Prompt: Copy each of the following entries back without change.

[Dataset entries]
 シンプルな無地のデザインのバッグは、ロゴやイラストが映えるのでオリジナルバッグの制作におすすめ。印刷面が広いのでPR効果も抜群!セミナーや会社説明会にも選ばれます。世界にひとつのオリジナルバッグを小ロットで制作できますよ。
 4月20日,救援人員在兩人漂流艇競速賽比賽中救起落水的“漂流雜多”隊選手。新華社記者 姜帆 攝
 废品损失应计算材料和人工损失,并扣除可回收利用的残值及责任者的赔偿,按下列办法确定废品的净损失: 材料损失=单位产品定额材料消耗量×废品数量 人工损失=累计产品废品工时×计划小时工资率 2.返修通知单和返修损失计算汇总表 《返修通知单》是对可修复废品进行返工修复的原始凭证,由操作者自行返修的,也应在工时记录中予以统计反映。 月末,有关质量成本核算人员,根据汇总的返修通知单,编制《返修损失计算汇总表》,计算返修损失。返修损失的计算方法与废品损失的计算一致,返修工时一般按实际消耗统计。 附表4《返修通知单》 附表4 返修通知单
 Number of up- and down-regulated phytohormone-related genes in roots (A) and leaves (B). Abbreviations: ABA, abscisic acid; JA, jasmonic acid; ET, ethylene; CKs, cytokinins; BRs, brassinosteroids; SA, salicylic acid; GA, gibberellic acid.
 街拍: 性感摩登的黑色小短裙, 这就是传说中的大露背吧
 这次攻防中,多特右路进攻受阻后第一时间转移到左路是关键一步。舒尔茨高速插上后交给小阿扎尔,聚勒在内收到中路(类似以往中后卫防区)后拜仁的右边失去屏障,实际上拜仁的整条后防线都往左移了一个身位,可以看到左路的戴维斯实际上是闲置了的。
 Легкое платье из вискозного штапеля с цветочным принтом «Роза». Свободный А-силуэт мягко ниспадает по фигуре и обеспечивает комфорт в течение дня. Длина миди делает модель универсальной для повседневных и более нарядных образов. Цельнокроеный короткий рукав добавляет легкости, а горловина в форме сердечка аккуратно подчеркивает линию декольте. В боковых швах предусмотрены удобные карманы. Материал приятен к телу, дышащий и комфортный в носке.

Solution:
 シンプルな無地のデザインのバッグは、ロゴやイラストが映えるのでオリジナルバッグの制作におすすめ。印刷面が広いのでPR効果も抜群!セミナーや会社説明会にも選ばれます。世界にひとつのオリジナルバッグを小ロットで制作できますよ。
 4月20日,救援人員在兩人漂流艇競速賽比賽中救起落水的“漂流雜多”隊選手。新華社記者 姜帆 攝
 废品损失应计算材料和人工损失,并扣除可回收利用的残值及责任者的赔偿,按下列办法确定废品的净损失: 材料损失=单位产品定额材料消耗量×废品数量 人工损失=累计产品废品工时×计划小时工资率 2.返修通知单和返修损失计算汇总表 《返修通知单》是对可修复废品进行返工修复的原始凭证,由操作者自行返修的,也应在工时记录中予以统计反映。 月末,有关质量成本核算人员,根据汇总的返修通知单,编制《返修损失计算汇总表》,计算返修损失。返修损失的计算方法与废品损失的计算一致,返修工时一般按实际消耗统计。 附表4《返修通知单》 附表4 返修通知单
 Number of up- and down-regulated phytohormone-related genes in roots (A) and leaves (B). Abbreviations: ABA, abscisic acid; JA, jasmonic acid; ET, ethylene; CKs, cytokinins; BRs, brassinosteroids; SA, salicylic acid; GA, gibberellic acid.
 街拍: 性感摩登的黑色小短裙, 这就是传说中的大露背吧
 这次攻防中,多特右路进攻受阻后第一时间转移到左路是关键一步。舒尔茨高速插上后交给小阿扎尔,聚勒在内收到中路(类似以往中后卫防区)后拜仁的右边失去屏障,实际上拜仁的整条后防线都往左移了一个身位,可以看到左路的戴维斯实际上是闲置了的。
 Легкое платье из вискозного штапеля с цветочным принтом «Роза». Свободный А-силуэт мягко ниспадает по фигуре и обеспечивает комфорт в течение дня. Длина миди делает модель универсальной для повседневных и более нарядных образов. Цельнокроеный короткий рукав добавляет легкости, а горловина в форме сердечка аккуратно подчеркивает линию декольте. В боковых швах предусмотрены удобные карманы. Материал приятен к телу, дышащий и комфортный в носке.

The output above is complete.